The code as I posted it to the vault is missing these bits. that enable users
to write converters without knowing backend-specific details. However, some
'dom::char_trait' should be enough, right ?
Yes and no. Suppose my incoming data is a stream of 8-bit "characters", using
Shift-JIS encoding. I need to write a converter to convert this to whatever
encoding is accepted by the XML API. I need to know which encoding to use when
I write my converter --- if the API is expecting UTF-16 stored in a string of
unsigned shorts, my converter is going to be quite different to if the API is
expecting UTF-8 stored in a string of unsigned chars. I also need to know how
to construct the final string --- whether I need to provide a
boost::xml::char_type*, or whether I need to construct a
boost::xml::string_type from a pair of iterators, or something else.
...
...
...
...
I would suggest that the API accepts input in UTF-8, UTF-16 and UTF-32. The
user then has to supply a conversion function from their encoding to one of
these, and the library converts internally if the one they choose is not the
"correct" one.
It already does. libxml2 provides conversion functions. I need to hook them
up into such an 'xml char trait'.
I don't understand how your response ties in with my comment, so I'll try
again.
I was suggesting that we have overloads like:
node::append_element(utf8_string_type);
node::append_element(utf16_string_type);
node::append_element(utf32_string_type);
With two of them (but unspecified which two) converting to the correct
internal encoding.
Oh, but that multiplies quite a chunk of the API by four !
What's the fourth option?
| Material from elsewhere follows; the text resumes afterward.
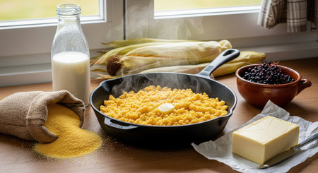 Traditional rustic cornmeal mush steaming in a cast iron skillet. A classic homemade breakfast with butter milk and fresh corn.

Yes, I agree it multiplies the API, but for the
convenience of users.
...
Typically, a unicode library provides converter functions, so what advantage
would such a rich interface have instead of asking the user to do the conversion
before calling into the xml library ?
It avoids the user doing any conversion in many cases.
...
If the internal storage encoding is a compile-time constant that can be queried
from the proposed dom::char_trait, it should be simple for users to decide how
to write the converter, and in particular, how to pass strings in the most
efficient way.
If the encoding is only available as a compile-time constant, that won't help
me write a converter. I need it available as a software-writing-time constant
for that (i.e. specified in the documentation).

If you don't want to fix the encoding in the docs, maybe we should require
that the user supply conversions to each of UTF-8, UTF-16 and UTF-32, and the
library will use whichever is most convenient.
...
...
If I specify the conversions to use directly on the input and output, then I
can cleanly separate my application into three layers --- process input, and
build DOM in internal encoding; process DOM as necessary; display result to
user.
If the string type and encoding is inherently part of the DOM types, this is
not so simple.
I still don't understand what you have in mind: Are you thinking of using
two separate unicode libraries / string types for input and output ? Again
unicode libraries should provide encoding conversion, if all you want is
to use distinct encodings.
I may not understand the details well enough, but asking for the API to
integrate the string conversions as you seem to be doing sounds exactly
like what you accused me of doing: premature optimization. ;-)
It seems I am failing to communicate my thoughts correctly, since optimization
is certainly far from my thoughts. It is separation of concerns that I am
currently thinking about.

In the input layer of an application, you need to deal with all the variety of
encodings that the user might supply. I'm quite happy to use a single Unicode
library to deal with the conversions, but I can imagine having to deal with
numerous external encodings. I would like the rest of the application to have
no need to know about the complications of the input handling, and the variety
of encodings used --- provided I get a set of DOM objects from somewhere, the
rest of the application shouldn't care.

Once the input has been handled, and the DOM built, there might be additional
input in terms of XPath expressions, or element names, which might be in
another encoding still. Again, the choice of input encoding here should have
no impact on the rest of the application.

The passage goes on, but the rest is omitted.